- _Exercise prompt_
Every line below should be given again without alteration.

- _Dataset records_
#####

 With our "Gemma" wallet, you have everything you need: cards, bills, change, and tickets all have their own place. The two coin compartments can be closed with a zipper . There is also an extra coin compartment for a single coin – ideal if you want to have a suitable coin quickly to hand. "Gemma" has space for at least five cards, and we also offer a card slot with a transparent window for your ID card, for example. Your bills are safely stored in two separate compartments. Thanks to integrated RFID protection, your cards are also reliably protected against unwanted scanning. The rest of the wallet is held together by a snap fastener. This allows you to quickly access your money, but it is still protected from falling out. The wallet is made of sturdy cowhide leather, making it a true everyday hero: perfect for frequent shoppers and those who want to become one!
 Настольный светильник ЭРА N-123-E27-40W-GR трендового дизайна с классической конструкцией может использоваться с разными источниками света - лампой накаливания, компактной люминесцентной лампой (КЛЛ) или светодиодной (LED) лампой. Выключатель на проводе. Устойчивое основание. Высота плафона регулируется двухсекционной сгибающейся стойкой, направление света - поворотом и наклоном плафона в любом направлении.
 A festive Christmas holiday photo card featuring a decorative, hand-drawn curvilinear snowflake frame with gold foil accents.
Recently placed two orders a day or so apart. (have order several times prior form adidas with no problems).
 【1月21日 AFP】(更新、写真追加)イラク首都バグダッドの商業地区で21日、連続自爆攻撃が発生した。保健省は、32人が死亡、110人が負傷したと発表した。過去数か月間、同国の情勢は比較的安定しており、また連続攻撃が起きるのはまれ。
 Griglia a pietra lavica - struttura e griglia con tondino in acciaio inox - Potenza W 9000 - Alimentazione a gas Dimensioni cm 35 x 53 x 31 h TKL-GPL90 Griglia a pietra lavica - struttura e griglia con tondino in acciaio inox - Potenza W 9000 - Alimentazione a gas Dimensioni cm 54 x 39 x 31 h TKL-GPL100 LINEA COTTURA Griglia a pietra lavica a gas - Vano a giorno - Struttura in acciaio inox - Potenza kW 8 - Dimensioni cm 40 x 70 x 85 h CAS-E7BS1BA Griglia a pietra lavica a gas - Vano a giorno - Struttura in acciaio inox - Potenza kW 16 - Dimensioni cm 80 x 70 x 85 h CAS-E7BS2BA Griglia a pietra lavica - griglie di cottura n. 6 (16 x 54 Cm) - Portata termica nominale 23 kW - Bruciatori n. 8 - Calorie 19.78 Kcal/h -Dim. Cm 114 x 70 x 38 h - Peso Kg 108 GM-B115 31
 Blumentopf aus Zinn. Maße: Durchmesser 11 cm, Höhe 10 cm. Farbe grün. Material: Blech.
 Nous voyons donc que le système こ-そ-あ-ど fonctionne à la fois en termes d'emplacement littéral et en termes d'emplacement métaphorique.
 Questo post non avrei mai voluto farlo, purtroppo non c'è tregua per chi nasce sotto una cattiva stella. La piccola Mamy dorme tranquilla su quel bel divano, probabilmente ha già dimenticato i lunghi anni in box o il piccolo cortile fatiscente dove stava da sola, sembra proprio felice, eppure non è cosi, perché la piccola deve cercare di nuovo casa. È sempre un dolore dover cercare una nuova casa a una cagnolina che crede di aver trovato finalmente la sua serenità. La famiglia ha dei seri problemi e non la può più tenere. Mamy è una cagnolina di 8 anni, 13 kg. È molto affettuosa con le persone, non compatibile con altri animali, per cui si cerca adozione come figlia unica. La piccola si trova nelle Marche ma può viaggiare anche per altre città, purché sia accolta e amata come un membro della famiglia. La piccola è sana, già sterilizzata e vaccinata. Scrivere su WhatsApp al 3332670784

#####

- _Reply_
 With our "Gemma" wallet, you have everything you need: cards, bills, change, and tickets all have their own place. The two coin compartments can be closed with a zipper . There is also an extra coin compartment for a single coin – ideal if you want to have a suitable coin quickly to hand. "Gemma" has space for at least five cards, and we also offer a card slot with a transparent window for your ID card, for example. Your bills are safely stored in two separate compartments. Thanks to integrated RFID protection, your cards are also reliably protected against unwanted scanning. The rest of the wallet is held together by a snap fastener. This allows you to quickly access your money, but it is still protected from falling out. The wallet is made of sturdy cowhide leather, making it a true everyday hero: perfect for frequent shoppers and those who want to become one!
 Настольный светильник ЭРА N-123-E27-40W-GR трендового дизайна с классической конструкцией может использоваться с разными источниками света - лампой накаливания, компактной люминесцентной лампой (КЛЛ) или светодиодной (LED) лампой. Выключатель на проводе. Устойчивое основание. Высота плафона регулируется двухсекционной сгибающейся стойкой, направление света - поворотом и наклоном плафона в любом направлении.
 A festive Christmas holiday photo card featuring a decorative, hand-drawn curvilinear snowflake frame with gold foil accents.
Recently placed two orders a day or so apart. (have order several times prior form adidas with no problems).
 【1月21日 AFP】(更新、写真追加)イラク首都バグダッドの商業地区で21日、連続自爆攻撃が発生した。保健省は、32人が死亡、110人が負傷したと発表した。過去数か月間、同国の情勢は比較的安定しており、また連続攻撃が起きるのはまれ。
 Griglia a pietra lavica - struttura e griglia con tondino in acciaio inox - Potenza W 9000 - Alimentazione a gas Dimensioni cm 35 x 53 x 31 h TKL-GPL90 Griglia a pietra lavica - struttura e griglia con tondino in acciaio inox - Potenza W 9000 - Alimentazione a gas Dimensioni cm 54 x 39 x 31 h TKL-GPL100 LINEA COTTURA Griglia a pietra lavica a gas - Vano a giorno - Struttura in acciaio inox - Potenza kW 8 - Dimensioni cm 40 x 70 x 85 h CAS-E7BS1BA Griglia a pietra lavica a gas - Vano a giorno - Struttura in acciaio inox - Potenza kW 16 - Dimensioni cm 80 x 70 x 85 h CAS-E7BS2BA Griglia a pietra lavica - griglie di cottura n. 6 (16 x 54 Cm) - Portata termica nominale 23 kW - Bruciatori n. 8 - Calorie 19.78 Kcal/h -Dim. Cm 114 x 70 x 38 h - Peso Kg 108 GM-B115 31
 Blumentopf aus Zinn. Maße: Durchmesser 11 cm, Höhe 10 cm. Farbe grün. Material: Blech.
 Nous voyons donc que le système こ-そ-あ-ど fonctionne à la fois en termes d'emplacement littéral et en termes d'emplacement métaphorique.
 Questo post non avrei mai voluto farlo, purtroppo non c'è tregua per chi nasce sotto una cattiva stella. La piccola Mamy dorme tranquilla su quel bel divano, probabilmente ha già dimenticato i lunghi anni in box o il piccolo cortile fatiscente dove stava da sola, sembra proprio felice, eppure non è cosi, perché la piccola deve cercare di nuovo casa. È sempre un dolore dover cercare una nuova casa a una cagnolina che crede di aver trovato finalmente la sua serenità. La famiglia ha dei seri problemi e non la può più tenere. Mamy è una cagnolina di 8 anni, 13 kg. È molto affettuosa con le persone, non compatibile con altri animali, per cui si cerca adozione come figlia unica. La piccola si trova nelle Marche ma può viaggiare anche per altre città, purché sia accolta e amata come un membro della famiglia. La piccola è sana, già sterilizzata e vaccinata. Scrivere su WhatsApp al 3332670784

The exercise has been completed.